The social network has made available to French and foreign researchers important data sets on the movements of its users in order, in particular, to anticipate new epidemic peaks.
In early April, Facebook announced the availability of new data sets on population movements for research teams around the world. Aggregated and anonymized, this data, derived from information recorded by the social network’s mobile application, should make it possible to better predict the appearance of next epidemic peaks, or to adjust public health policies, said the social network.
Coronavirus: Facebook to share anonymized data with research teams A month later, researchers at Paris Sciences et Lettres University (PSL), which brings together eleven universities and grandes écoles and is the recipient in France of these data, displayed cautious optimism. “We are starting to have results, but they are not yet fully publishable,” explains Jamal Atif, professor at Paris-Dauphine-PSL University and coordinator of the initiative, who adds:
“From this data, combined with health data, we believe that we can build models to better understand the spread of the pandemic, and have algorithms and models that will have a higher predictive power than current models . “
Geolocation and overview
Facebook provides researchers, in France as in several countries, with data on population movements: the large number of social network users who have activated the geolocation of the application allows it to have a fairly precise overview of the way in which users move, whether they are daily journeys or exceptional journeys. Combined with other data, such as identified clusters or estimated risks of contamination, this information can help “predict” likely developments in the epidemic.

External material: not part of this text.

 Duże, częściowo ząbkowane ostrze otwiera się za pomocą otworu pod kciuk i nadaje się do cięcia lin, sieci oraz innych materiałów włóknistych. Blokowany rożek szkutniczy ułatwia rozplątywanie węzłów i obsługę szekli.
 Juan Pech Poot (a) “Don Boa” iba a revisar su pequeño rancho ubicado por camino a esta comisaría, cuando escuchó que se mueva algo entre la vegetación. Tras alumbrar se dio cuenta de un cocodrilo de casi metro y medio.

Predicting precise effects of containment is difficult due to lack of benchmarks in the past
The coronavirus pandemic, however, poses special challenges, which require deviating from the models used for other diseases. First, because the “most complex models, which will certainly allow the best predictions in the long term, require a lot of parameters [sur la durée d’incubation ou la proportion de porteurs asymptomatiques, par exemple], and the sources of information on these points are not so numerous at the moment, “warns Olivier Cappé, CNRS research director at the ENS-PSL. Not to mention that the general containment of the population implemented for almost two months is a historic first, the precise effects of which are difficult to predict due to the lack of comparison points.

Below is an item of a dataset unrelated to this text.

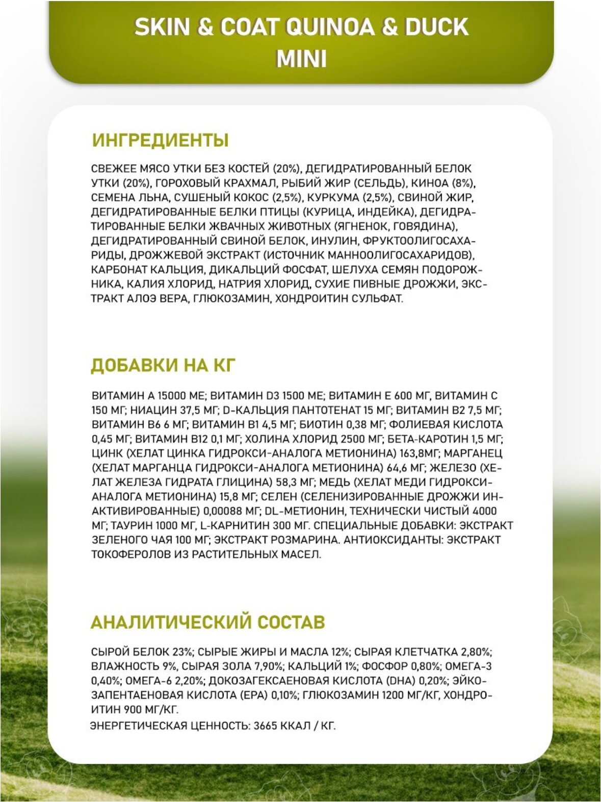 | Состав | утка без костей (20%), обезвоженный утиный белок (20%), гороховый крахмал, рыбий жир (из сельди), экстрагированные семена киноа (8%), льняное семя, сушеный кокос (2,5%), куркума (2,5%), инулин, фруктоолигосахариды, дрожжевой экстракт (источник манноолигосахаридов), карбонат кальция, дикальцийфосфат, шелуха и семена псиллиума, хлорид калия, хлорид натрия, сушеные пивные дрожжи, экстракт алоэ вера, глюкозамин, хондроитинсульфат. Источники белка: утка без костей, обезвоженные белки утки. Источники углеводов: гороховый крахмал, экстрагированные семена киноа. |

Useful, the data of displacement of the French provided by Facebook are not a miracle tool, warn the researchers. And their interpretation and use require great caution. “Can we use it to try to predict the progression of the epidemic?” Yes, but the model will inevitably lag a little behind reality, because we do not really “see” people when they are infected with the disease, details Mr. Cappé. And as soon as we work on real data, we leave the realm of pure concepts: in real data, there are always things a little weird. You can never fully automate it, it is something that takes time. “
“Short term projections”
Researchers at PSL University are therefore currently focusing on models of “short-term projections”, at the scale of a few weeks rather than a few months. “We do a lot of testing,” says Cappé. We do not have a solution that we are sure is the right one, and we are trying several approaches. And if the data made available by Facebook is very useful, the aggregation of other sources of information can only improve the models, say the researchers.
“It’s interesting that there are multiple teams doing things from different data; this is one of the ways you can detect potential biases in the data, “said Cappé. Facebook is not used uniformly by all age groups, and data from telephone operators, used by other research projects, is not as precise from one department to another, depending on the degrees of coverage.
For the time being, Facebook data seems to confirm on the whole what Orange’s data showed on the movements of Ile-de-France residents, with a decrease in the population in Paris estimated between 20 and 30%. Researchers from PSL University hope to have useful information in the coming weeks “for Ile-de-France, where health data are a little more precise and were harmonized a little earlier than in other countries.” other regions, ”notes Atif. This information could be particularly interesting for the public authorities, in this very dense region, where the occupancy rates of the resuscitation services are still particularly high, and where the deconfinement will only be very partial from May 11.